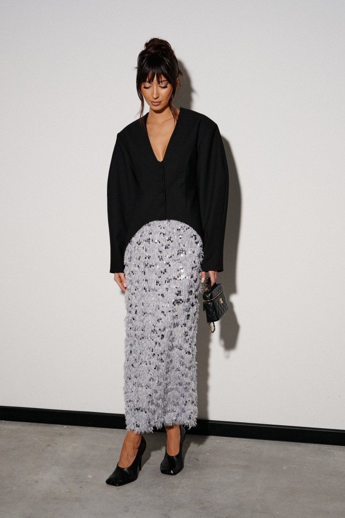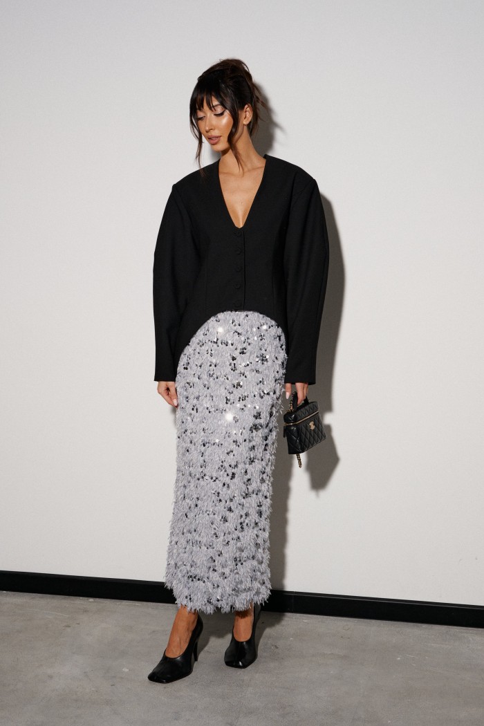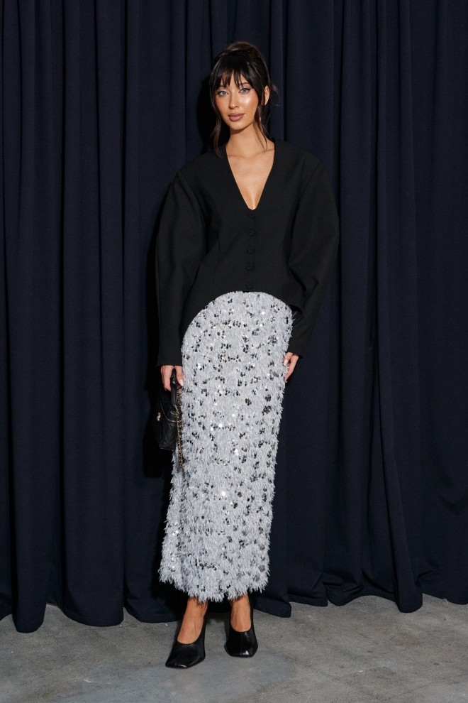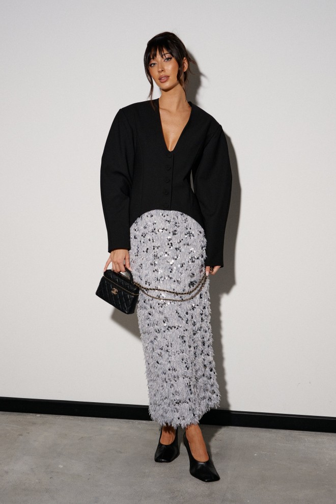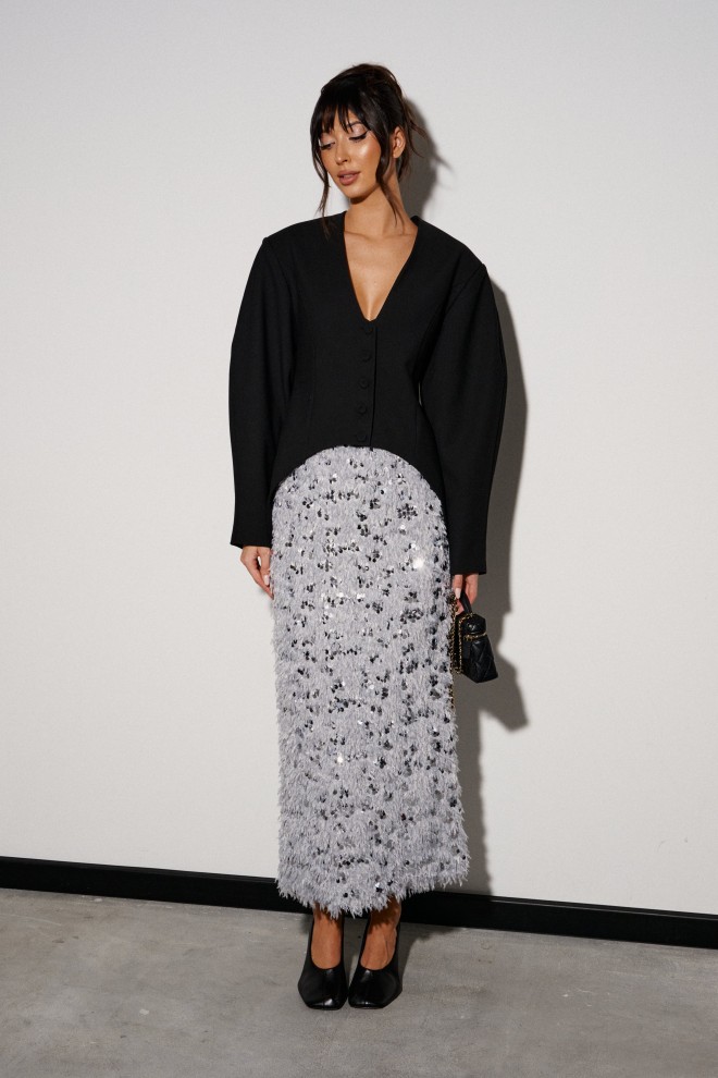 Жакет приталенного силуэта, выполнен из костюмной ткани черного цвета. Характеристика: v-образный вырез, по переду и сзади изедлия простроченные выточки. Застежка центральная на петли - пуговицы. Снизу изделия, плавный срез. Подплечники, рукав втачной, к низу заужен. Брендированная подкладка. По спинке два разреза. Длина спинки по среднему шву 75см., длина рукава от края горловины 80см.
---
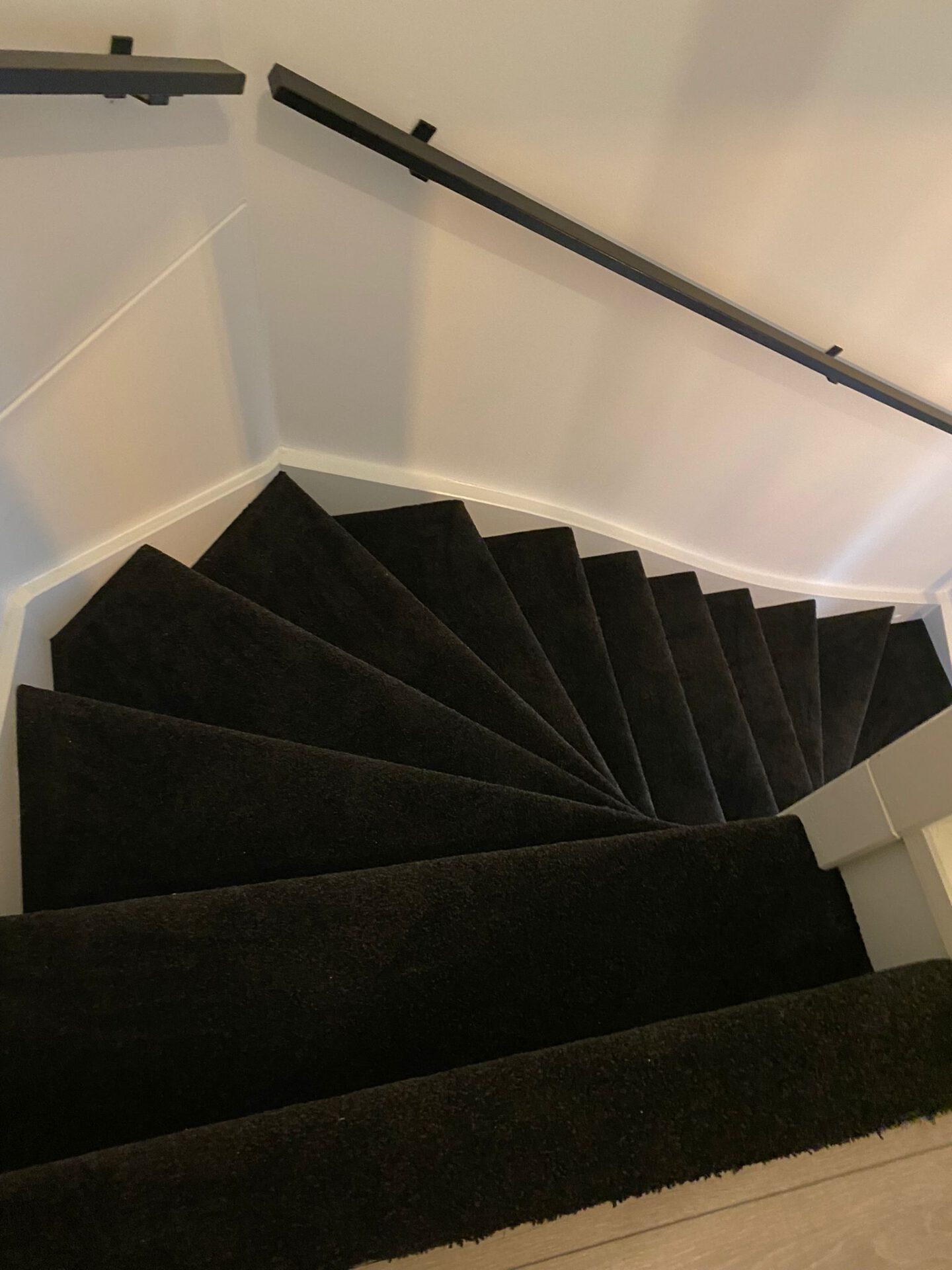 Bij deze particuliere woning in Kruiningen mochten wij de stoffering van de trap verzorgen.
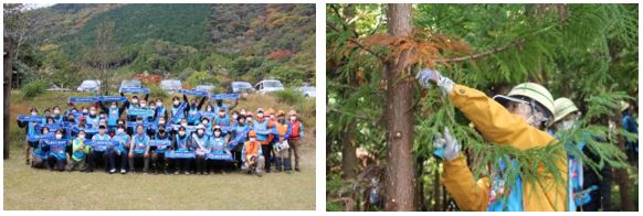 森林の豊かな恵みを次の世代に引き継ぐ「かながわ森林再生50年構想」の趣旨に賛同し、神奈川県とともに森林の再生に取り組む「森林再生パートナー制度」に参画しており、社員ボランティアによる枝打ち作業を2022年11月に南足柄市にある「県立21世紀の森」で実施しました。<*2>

* [What to produce]:
Looking at the listing above, which lines run from the one containing "Bij deze particuliere" through the one containing "森林の豊かな恵みを次の世代に"? Print exactly those, ends included, pictures excluded.

* [Response area]:
 Bij deze particuliere woning in Kruiningen mochten wij de stoffering van de trap verzorgen.
 森林の豊かな恵みを次の世代に引き継ぐ「かながわ森林再生50年構想」の趣旨に賛同し、神奈川県とともに森林の再生に取り組む「森林再生パートナー制度」に参画しており、社員ボランティアによる枝打ち作業を2022年11月に南足柄市にある「県立21世紀の森」で実施しました。<*2>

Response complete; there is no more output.